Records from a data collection
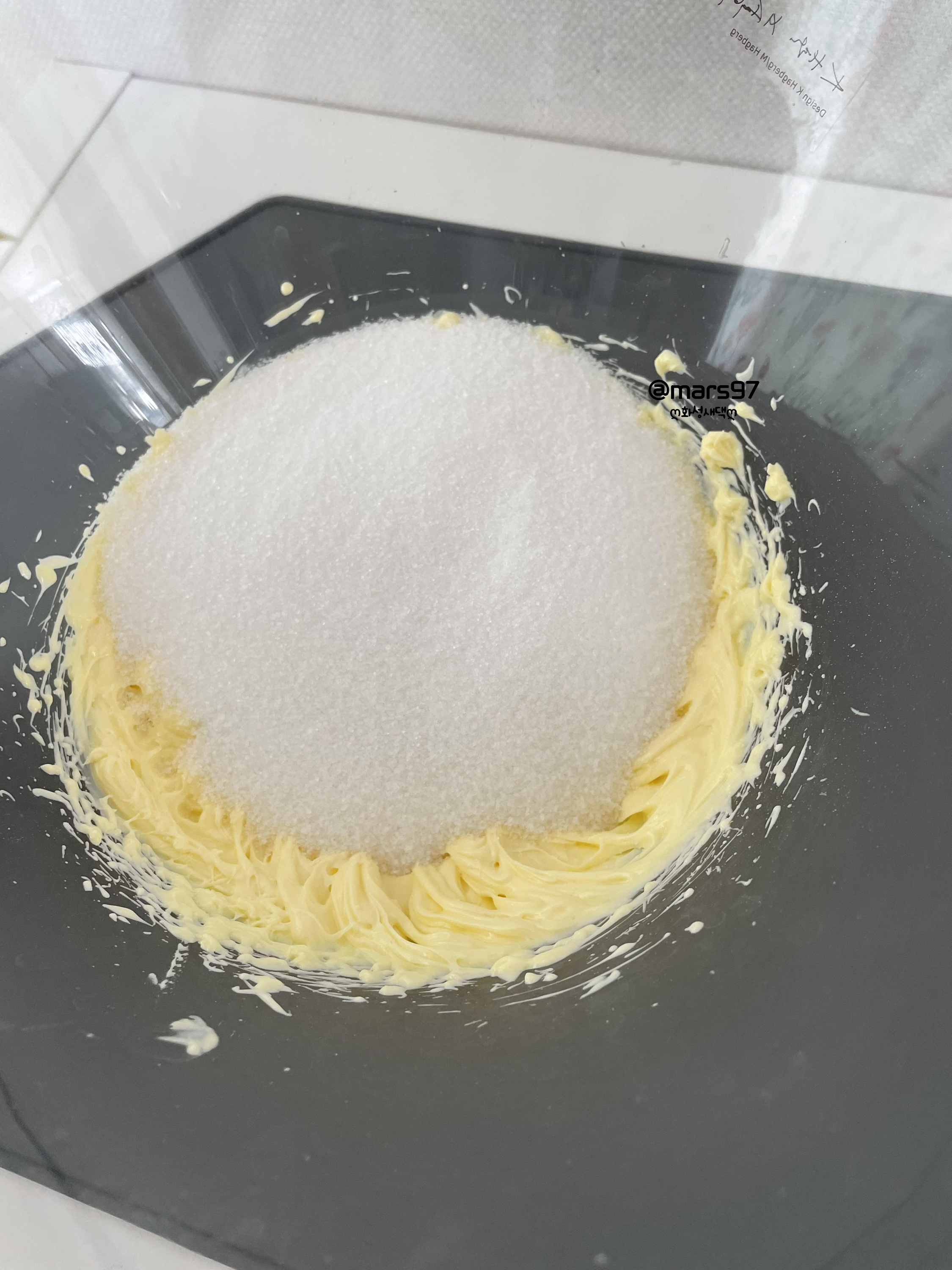 설탕을 넣고 3-5분 정도 휘핑해 주세요
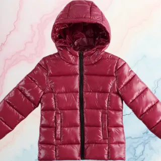 Chaqueta acolchada brillante para niña. - Diseño moderno y llamativo. - Cuello alto. - Puños y bajo con banda elástica a rayas.
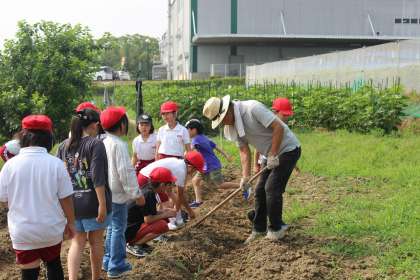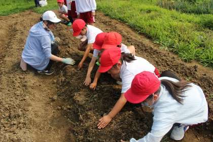 地域の方に教えていただきながら、大豆の種うえをしました。
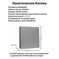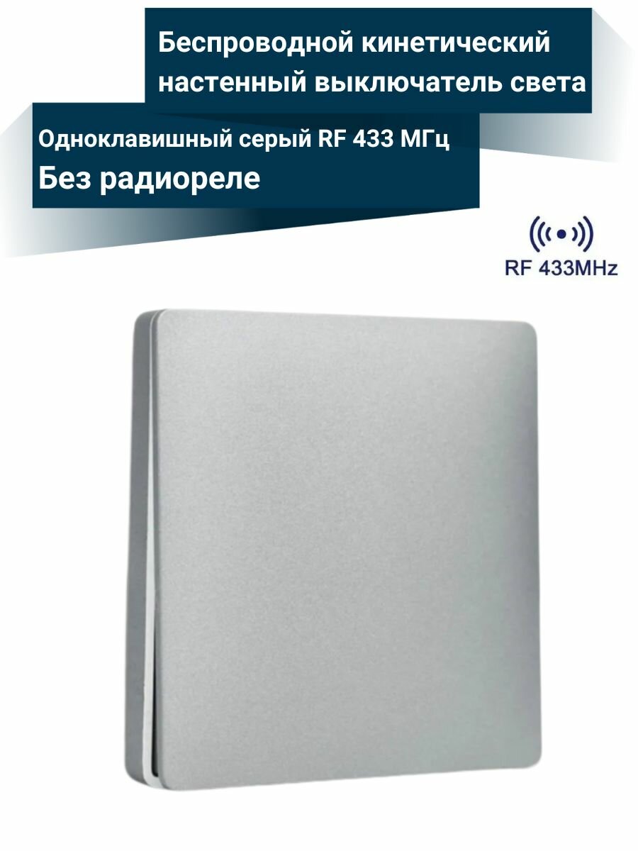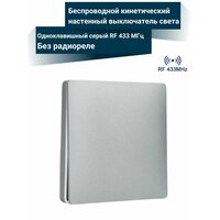 Беспроводной кинетический выключатель серый пульт для радиореле RF 433МГц предназначен для установки без рамки. Не требует установки подрозетника на месте монтажа. Закрепите выключатель на стене с помощью двустороннего скотча входящего в комплект поставки или саморезов.
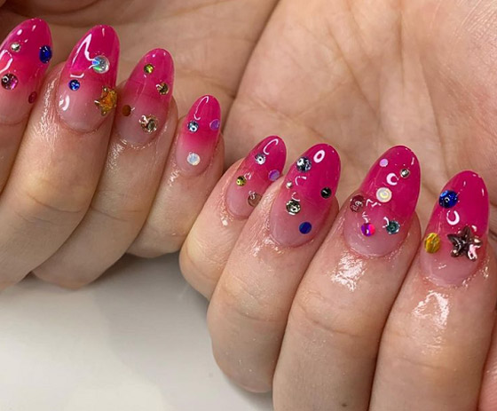 ويمكن طلاء الأظافر بلون فضى أو ذهبى أو حتى شفاف مع لصق بعض المجوهرات الصغيرة وردية اللون أو عبارة عن أحجار كريمة صغيرة ملونة والتي تتوافق مع ألوان الفساتين المختلفة.
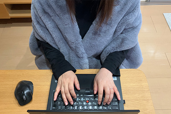 パソコンで作業するとき、どうしても袖元がきになって腕まくりをしてしまうのですが、このケープならそのクセのままで快適に過ごせます。
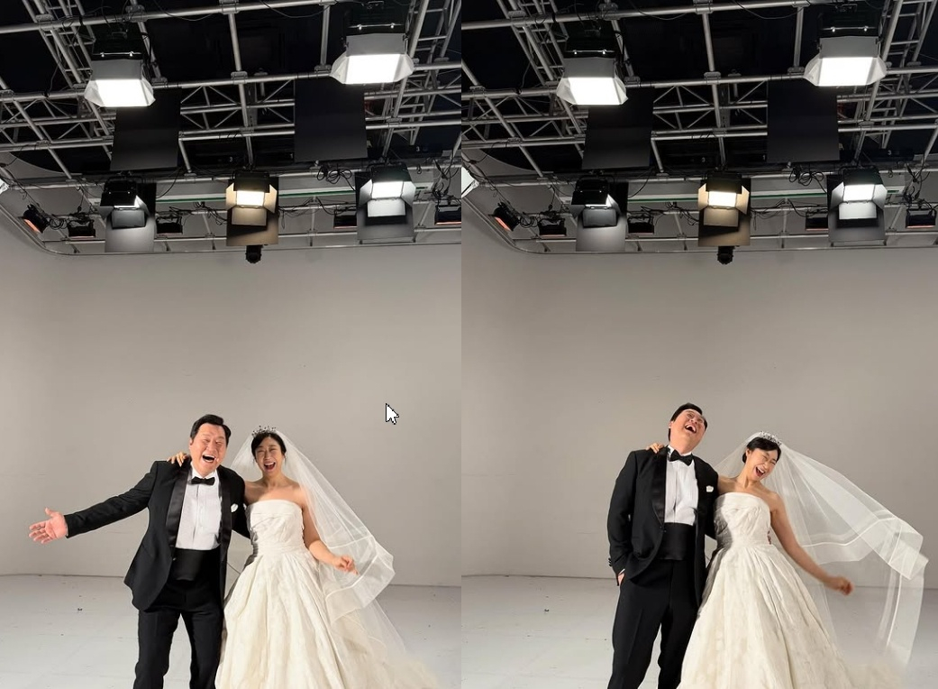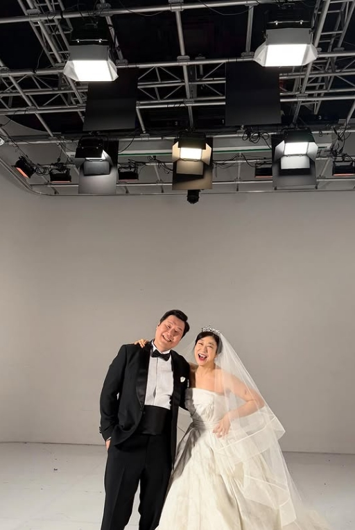배우 라미란이 윤경호와 함께한 웨딩 촬영 현장을 공개했다.
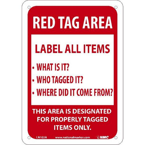 NMC, LN102RC, Rigid Plastic Sign "Red Tag Area Label All Items", 14" x 20"
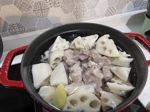铸铁锅里放排骨,藕,洗过的花生,加两片姜煮大火煮开后小火慢炖。不用放其他调料了,焯水的时候放过葱和料酒了。我不想别的味道盖住食材本身的味道~

**PROMPT**
Transcribe each record exactly as it appears, but omit every picture.

**RESPONSE TO THIS EXERCISE**
 설탕을 넣고 3-5분 정도 휘핑해 주세요
 Chaqueta acolchada brillante para niña. - Diseño moderno y llamativo. - Cuello alto. - Puños y bajo con banda elástica a rayas.
 地域の方に教えていただきながら、大豆の種うえをしました。
 Беспроводной кинетический выключатель серый пульт для радиореле RF 433МГц предназначен для установки без рамки. Не требует установки подрозетника на месте монтажа. Закрепите выключатель на стене с помощью двустороннего скотча входящего в комплект поставки или саморезов.
 ويمكن طلاء الأظافر بلون فضى أو ذهبى أو حتى شفاف مع لصق بعض المجوهرات الصغيرة وردية اللون أو عبارة عن أحجار كريمة صغيرة ملونة والتي تتوافق مع ألوان الفساتين المختلفة.
 パソコンで作業するとき、どうしても袖元がきになって腕まくりをしてしまうのですが、このケープならそのクセのままで快適に過ごせます。
배우 라미란이 윤경호와 함께한 웨딩 촬영 현장을 공개했다.
 NMC, LN102RC, Rigid Plastic Sign "Red Tag Area Label All Items", 14" x 20"
铸铁锅里放排骨,藕,洗过的花生,加两片姜煮大火煮开后小火慢炖。不用放其他调料了,焯水的时候放过葱和料酒了。我不想别的味道盖住食材本身的味道~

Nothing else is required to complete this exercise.